(ORDO NEWS) — Mathematicians Angel Zhivkov and Ivaylo Tunchev from Sofia University in Bulgaria have presented a new study that essentially predicts the future of the solar system.
They calculated the probability that the orbits of the Earth and its neighboring planets will change and determined the time frame for the stability of this system.
The work can be found on the arXiv preprint server, and Science Alert talks briefly about the study. Mathematicians decided to analyze how stable the solar system is.
They took into account in their calculations the orbits and other characteristics of the eight planets and Pluto, deprived of the status of a planet.
The researchers tried to establish how long the orbits of the largest objects in the solar system will not change significantly.
The basis for the analysis was the data known to science about the history of our planetary system, which has existed for about 4.5 billion years.

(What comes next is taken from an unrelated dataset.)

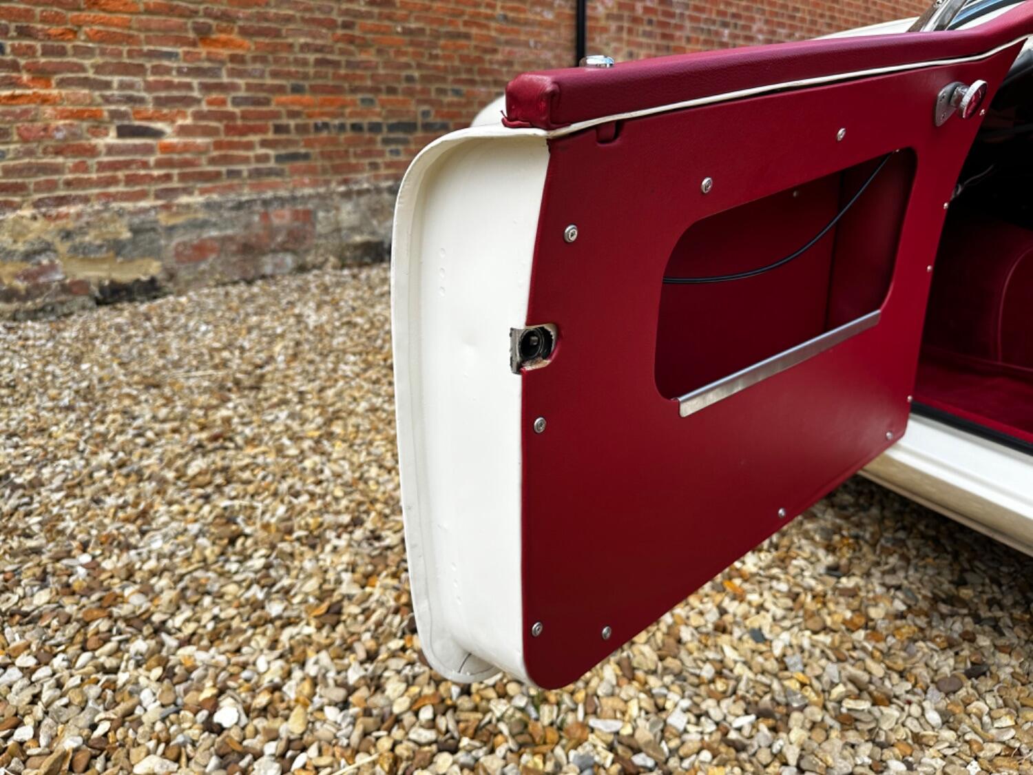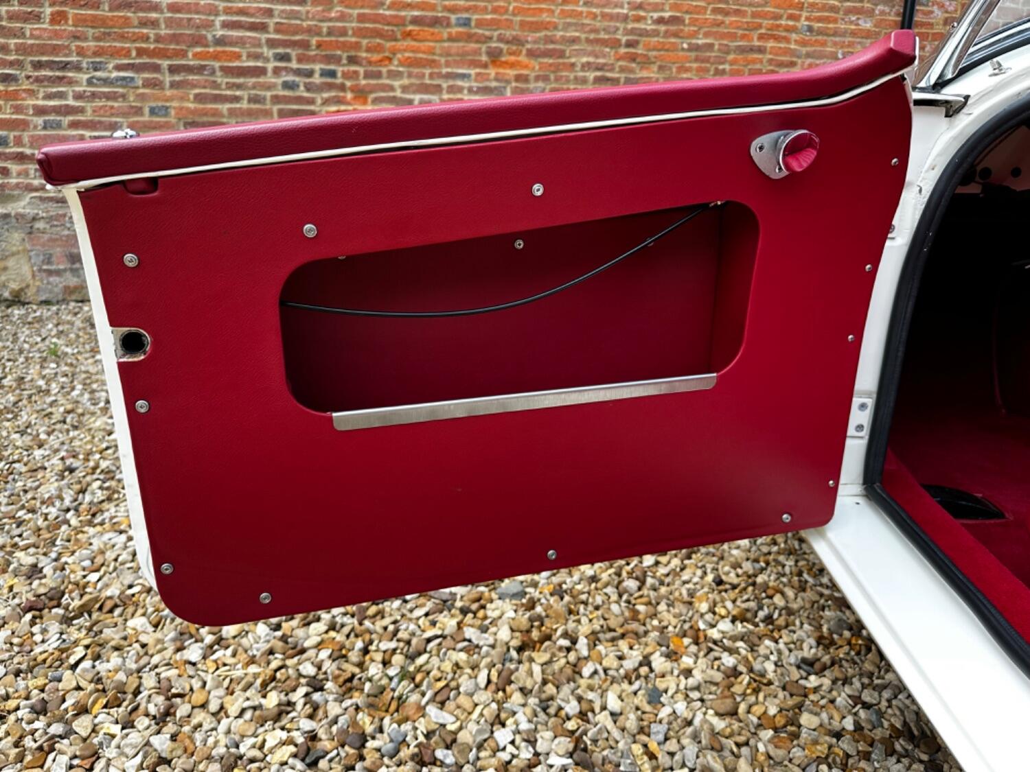 1959 MGA Twin Cam Roadster. Old English White with Red leather upholstery and hood. One of only 2,111 MGA Twin Cams produced Fully restored and converted to right-hand drive by the previous owner The cylinder head was machined and rebuilt by Oselli Very smart interior superbly trimmed in red leather Supplied with a UK V5c and Heritage certificate Intended as a replacement for the traditional 'T'-Series MGs, the MGA combined a rigid chassis with the Austin-designed, 1,489cc B-Series engine that had first appeared in the ZA Magnette. Running gear was based on that of the TF, with independent, coil-sprung wishbone front suspension and a live rear axle. Dressed in a curvaceous aerodynamic body and capable of topping 95mph, the MGA proved an instant hit, selling over 13,000 in its first full year of production. Immensely popular though it was, the MGA faced stiff competition from the larger-engined Triumph TR3 and Austin-Healey 100/6. Coaxing more power from the standard engine was becoming increasingly difficult, so MG concentrated on developing a twin-overhead-camshaft cylinder head for the B-Series block. Conceived at Cowley by BMC engineer Gerald Palmer and introduced in 1958, the new 1,588cc engine did not disappoint. It featured a special light alloy cross-flow cylinder head with hemispherical combustion chambers and carried twin overhead camshafts with valve operation via Coventry Climax-style inverted bucket tappets, producing an impressive 108bhp at 6,700rpm. Considerably faster than the standard MGA, the Twin Cam could comfortably exceed 110mph, and to cope with the increased performance Dunlop disc brakes were fitted all round and Dunlop centre-lock wheels were a distinctive addition. The only other visual identifier was the script 'Twin Cam' near the vent aside the bonnet. A high price and an unjustified reputation for unreliability discouraged sales, however, and the model was dropped after just two years. Production totalled 2,111 cars, a mere 360 of which were sold on the home market, and today the Twin Cam is one of the most sought-after of post-war MG sports cars. Offered from a private collection, this example is a 1959 MGA Twin Cam which was originally sold in the United States, finished in Old English White with a black interior, before returning to the UK from Beverly Hills, California in 2012. The car's owner prior, was a retired military engineer and he commenced a complete restoration separating the body from the chassis and removing all the components. At this point, it was decided to convert the MG to right-hand drive, a relatively simple process when everything is off the car. The engine received attention from Westwood Portway and Aston Martin specialists, Oselli, who worked on the cylinder head machining valve seats, fitting new valve guides and cam followers, in exchange for ú2,376. The car was then professionally painted in its original Old English White and superbly trimmed and fitted in red leather and there are invoices on file from Aldridge Trimming and The Don Trimming Company, Also in the owner's file are substantial bills for parts from Moss Europe, a series of photos documenting the restoration at its various stages, a UK V5c, the car's Heritage Certificate, and a fresh MoT. These rare cars are now recognised as real classics that drive very well and deservedly have a niche in the MG history book. This lovely example is now ready to begin the next chapter of its life. Absolutely any inspection welcome. All major debit and credit cards accepted. Part exchange considered. Free U.K mainland delivery. Please contact us for any further information. Lots more pictures and a video on our website and Facebook page.

First, scientists modeled the past by studying how the orbits of the planets might have changed over time. They then attempted to model the future based on the trends they could identify.
Mathematicians did not look very far ahead. They limited themselves to a time period of 100 thousand years, deciding that modeling the future for a shorter period of time increases the reliability of the results.
Such modeling takes into account details that were not taken into account in previous similar studies, for example, deviations in the initial conditions for the calculation.
Interestingly, the authors started from the assumption of Isaac Newton that the interaction between the planets would eventually lead the solar system to chaos.
Zhivkov and Tunchev developed a new method of analysis that converted the orbital element data into 54 first-order ordinary differential equations.
The information was then loaded into a computer, which calculated the future 6,290,000 steps ahead. At the same time, it took about six days for each step.
Calculations showed that “the configuration of the touching ellipses along which the planets move around the Sun will remain stable for at least 100,000 years in the sense that the semi-major axis of each planet changes within or less than one percent.”
Scientists have also calculated alternative scenarios by varying the initial conditions and the masses of the planets. In all cases, the solar system remained stable.
By the way, previous calculations have shown that our planetary system will take about 100 billion years to break up and disperse through the Milky Way.